No doubt, my father. Dr. Philip Robin grew up in a tenement in the Bronx back in the 1930s. None of his family had ever graduated high school let alone college and professional school. With no financial and very little family moral support, Dr. Robin put himself through City College of New York and, even though he had traveled far from the 5 boroughs, Washington University in St. Louis. He eventually went to Pennsylvania College of Optometry in Philadelphia, met my eventual mother, and developed a full and successful family and professional life in the Philly area. My dad was always my greatest supporter and my most realistic critic. I remember giving him a paper I wrote for some class in high school. It was, of course, due the next day. He read it, looked up at me, and – without saying a word – tore the paper up (there were no home shredders back then!). All he said to me was, “You can do better”. And, indeed I did. To this day, I always keep the torn up high school paper in the back of my mind when I’m setting out to complete a task or project. Fortunately, both my mom and dad are still with us and healthy. They live here in the Ft. Myers area and were 2 of the main reasons my wife and I relocated from Orlandto to Ft Myers last year!
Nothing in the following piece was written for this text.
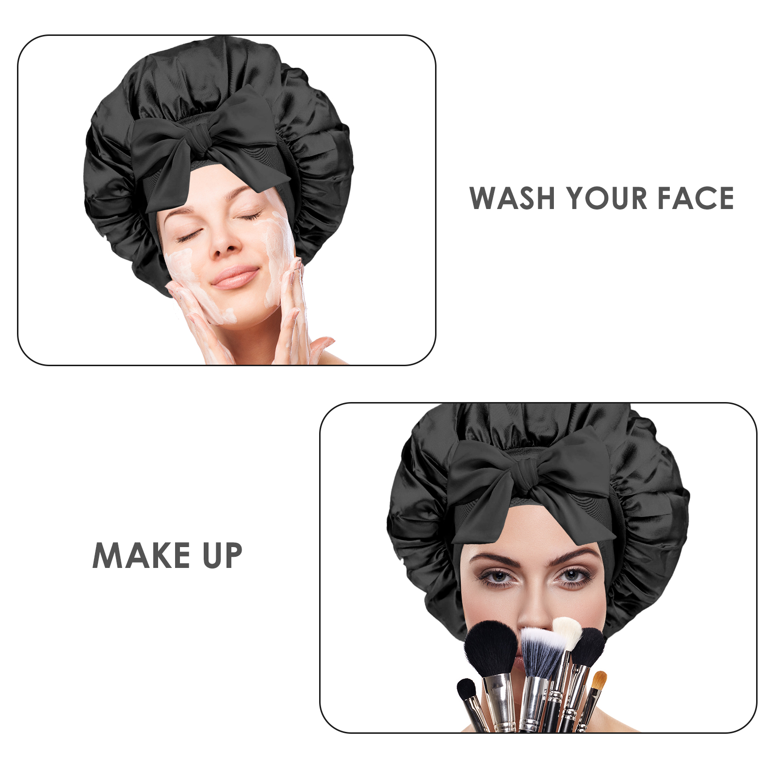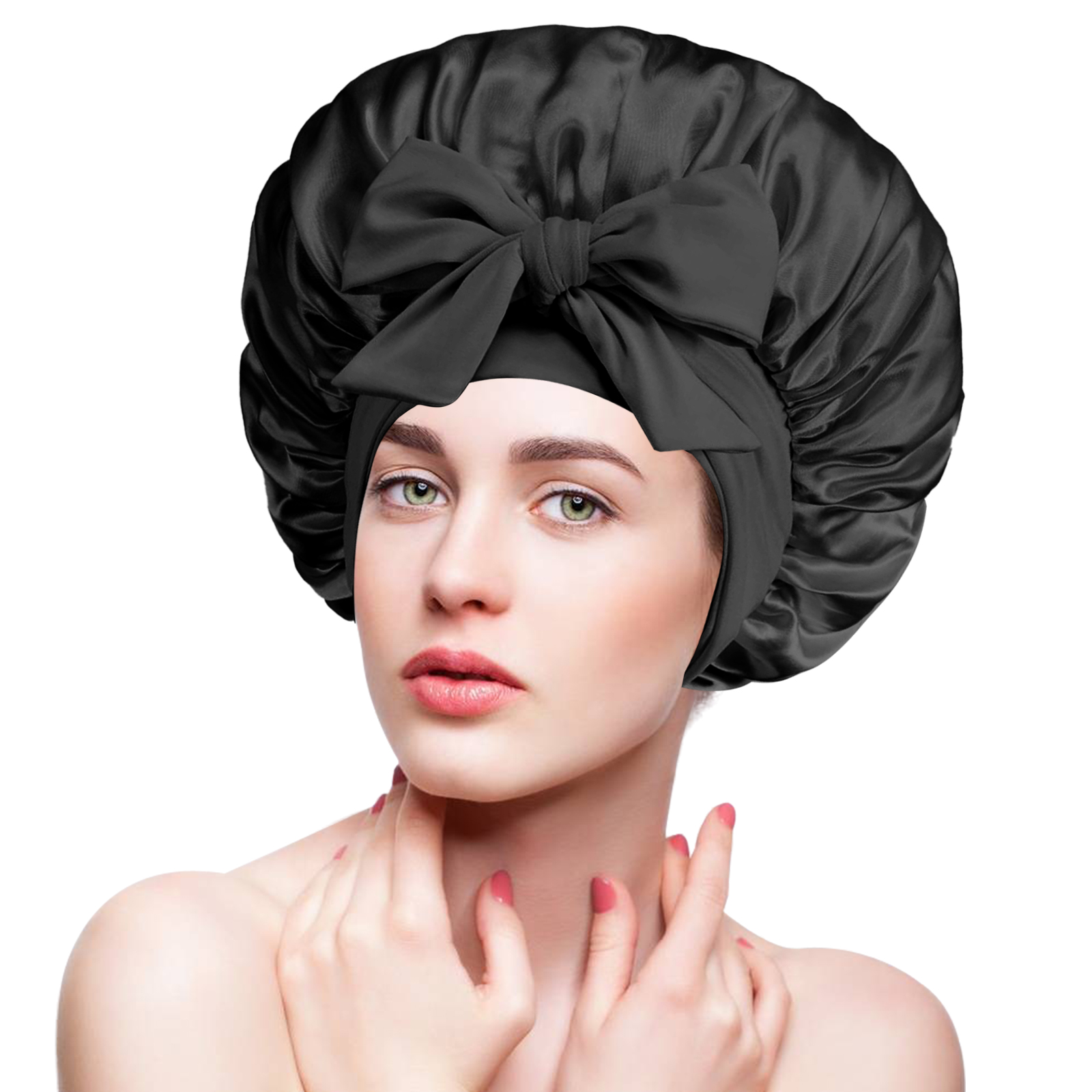 Silk bonnet with tie band suitable for daily wear, such as washing face, skincare, makeup, bathing, doing housework, gym, running, yoga, etc.

If you could have dinner with one person, throughout all of history, who would it be and why?
I’m going to take the liberty of not identifying a single person, but rather selecting a large group (one of those large private dining rooms would suffice) of physicians and physician researchers from well before the era of modern technology. One of the maxims I’ve learned over my career is that any time you think you’ve come up with a new concept or procedures, chances are very good it’s already been done! I’ve always marveled at the physicians, from the physicians to Pharoes in ancient Egypt , to Galen in ancient Rome, to Hippocrates in ancient Greece, to Guy de Chauliac in the throes of the great plague – how did these giants, with basically only their minds, develop such cogent observations and treatment approaches? We practicing physicians today – with our MRIs, CT scans, genetic codes, etc – struggle mightily against the forces of disease. Imagine our predecessors….with only their wits…imagine if they were able to join me and have a glimpse of the technology and new vistas in medical science and care! And, the old guys are making a bit of a comeback! A mainstay of the ancient days – leeches – have found their way back into modern care. Doubtless, the old guys could teach us a thing or two!! Quite a dinner this would be, indeed!!
What superhero would you be and why?
I’ve never been good at the “What kind of tree would you be and why?” questions that seem to be so in vogue these days. I guess the easiest Marvel superhero would be Doctor Strange, but he’s not my favorite. And no ophthalmologist would be attracted to Cyclops! I guess I would have the most affinity for Thor and his “unwavering belief in humanity”, support for the downtrodden, and commitment to protect the innocent. In a way, that’s what we do – especially at a leading eye care institution such as Frantz Eye Care!